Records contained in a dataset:
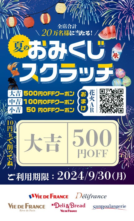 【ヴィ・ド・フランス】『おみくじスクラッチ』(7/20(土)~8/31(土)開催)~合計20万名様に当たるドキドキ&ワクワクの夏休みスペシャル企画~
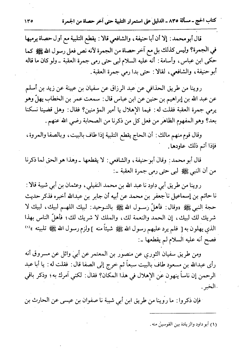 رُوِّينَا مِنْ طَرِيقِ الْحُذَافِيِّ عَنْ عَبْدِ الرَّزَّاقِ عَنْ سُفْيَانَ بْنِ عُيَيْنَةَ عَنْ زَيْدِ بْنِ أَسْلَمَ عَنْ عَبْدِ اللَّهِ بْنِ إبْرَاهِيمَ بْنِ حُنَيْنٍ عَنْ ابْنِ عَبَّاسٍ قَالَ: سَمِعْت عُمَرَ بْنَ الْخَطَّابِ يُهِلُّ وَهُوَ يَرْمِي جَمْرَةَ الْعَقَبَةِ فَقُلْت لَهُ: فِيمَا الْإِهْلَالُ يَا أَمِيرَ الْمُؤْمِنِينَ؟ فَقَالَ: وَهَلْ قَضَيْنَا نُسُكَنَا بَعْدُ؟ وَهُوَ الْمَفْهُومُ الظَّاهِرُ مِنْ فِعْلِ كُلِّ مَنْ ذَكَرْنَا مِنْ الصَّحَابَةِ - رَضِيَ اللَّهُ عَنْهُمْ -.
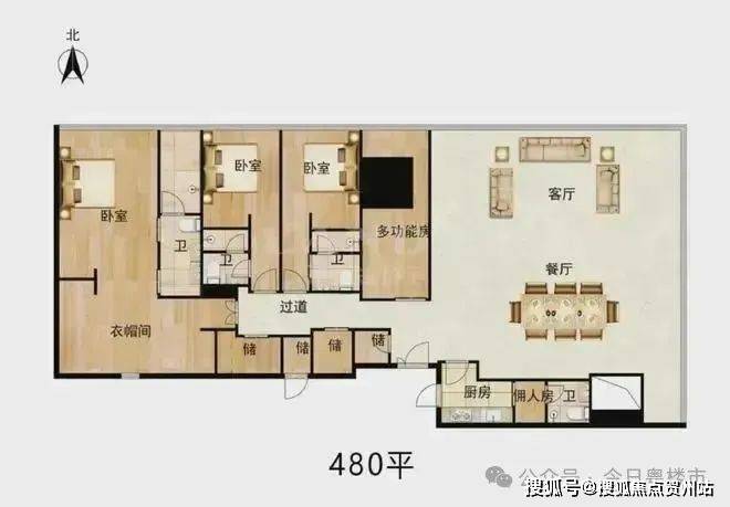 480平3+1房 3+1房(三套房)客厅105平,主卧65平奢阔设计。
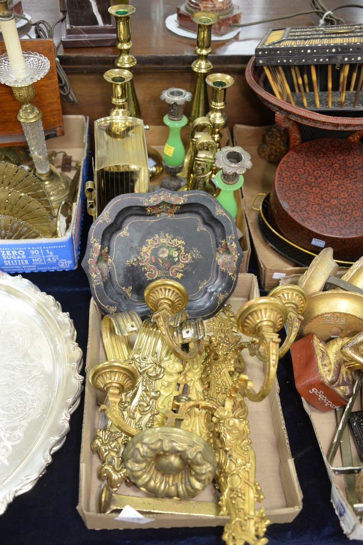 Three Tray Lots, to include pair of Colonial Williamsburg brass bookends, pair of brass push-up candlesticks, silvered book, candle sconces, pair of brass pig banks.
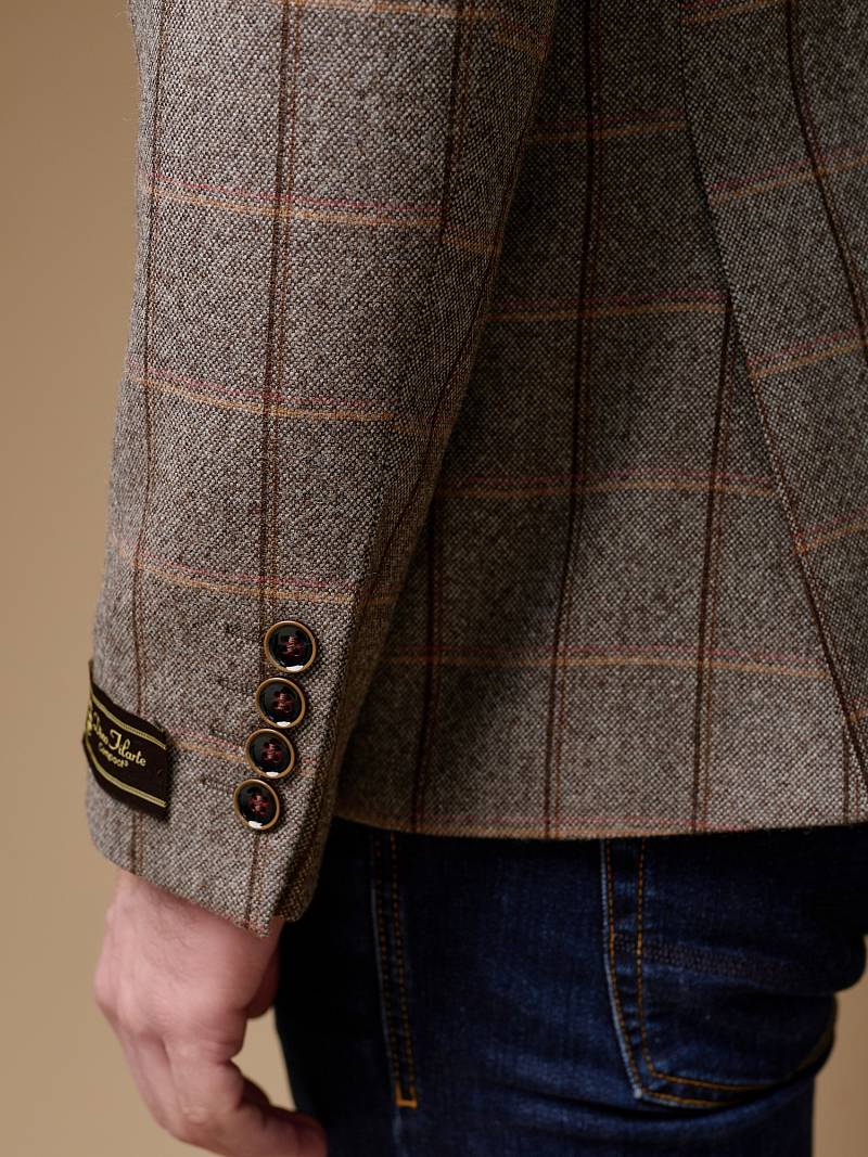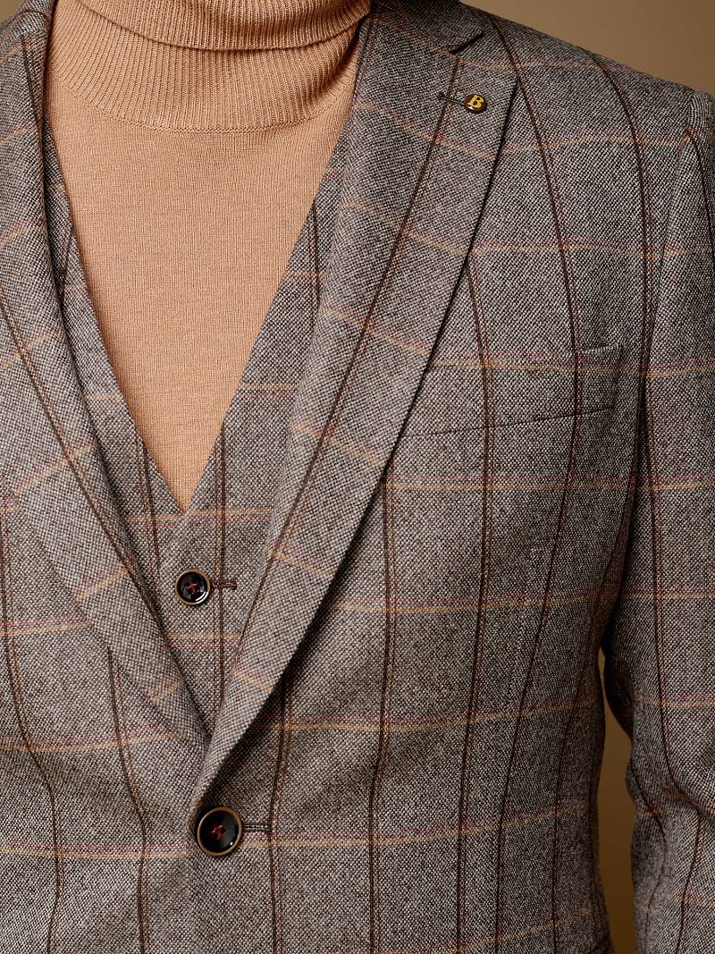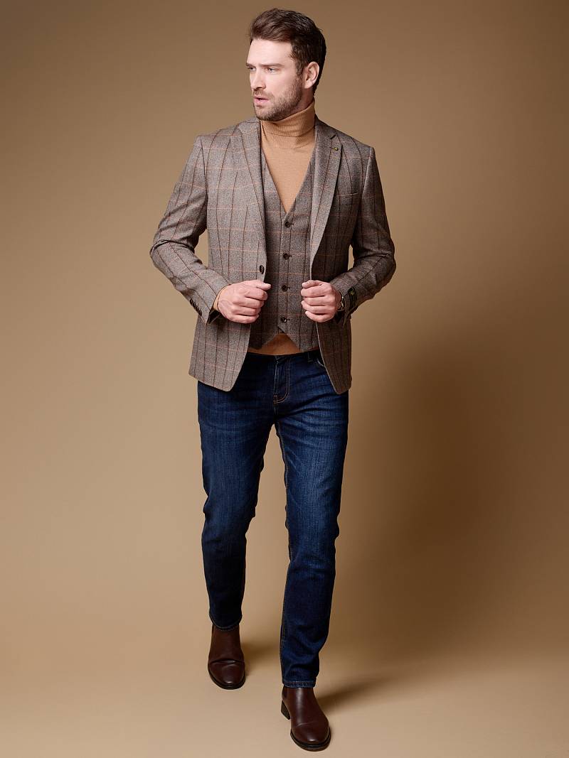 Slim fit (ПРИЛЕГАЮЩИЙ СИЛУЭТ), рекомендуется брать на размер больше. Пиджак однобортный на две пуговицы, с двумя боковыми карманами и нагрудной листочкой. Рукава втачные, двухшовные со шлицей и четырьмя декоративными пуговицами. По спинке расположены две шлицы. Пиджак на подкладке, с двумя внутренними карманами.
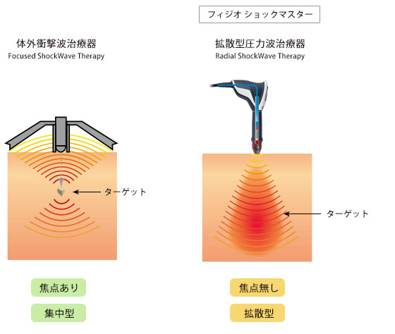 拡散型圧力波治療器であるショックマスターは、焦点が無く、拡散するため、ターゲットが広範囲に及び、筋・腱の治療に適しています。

> **Action item**
Only the lines from the top of the records through the line with "Three Tray Lots, to" belong in the copy; write them out exactly, leaving out pictures.

> **Output for this exercise**
 【ヴィ・ド・フランス】『おみくじスクラッチ』(7/20(土)~8/31(土)開催)~合計20万名様に当たるドキドキ&ワクワクの夏休みスペシャル企画~
 رُوِّينَا مِنْ طَرِيقِ الْحُذَافِيِّ عَنْ عَبْدِ الرَّزَّاقِ عَنْ سُفْيَانَ بْنِ عُيَيْنَةَ عَنْ زَيْدِ بْنِ أَسْلَمَ عَنْ عَبْدِ اللَّهِ بْنِ إبْرَاهِيمَ بْنِ حُنَيْنٍ عَنْ ابْنِ عَبَّاسٍ قَالَ: سَمِعْت عُمَرَ بْنَ الْخَطَّابِ يُهِلُّ وَهُوَ يَرْمِي جَمْرَةَ الْعَقَبَةِ فَقُلْت لَهُ: فِيمَا الْإِهْلَالُ يَا أَمِيرَ الْمُؤْمِنِينَ؟ فَقَالَ: وَهَلْ قَضَيْنَا نُسُكَنَا بَعْدُ؟ وَهُوَ الْمَفْهُومُ الظَّاهِرُ مِنْ فِعْلِ كُلِّ مَنْ ذَكَرْنَا مِنْ الصَّحَابَةِ - رَضِيَ اللَّهُ عَنْهُمْ -.
 480平3+1房 3+1房(三套房)客厅105平,主卧65平奢阔设计。
 Three Tray Lots, to include pair of Colonial Williamsburg brass bookends, pair of brass push-up candlesticks, silvered book, candle sconces, pair of brass pig banks.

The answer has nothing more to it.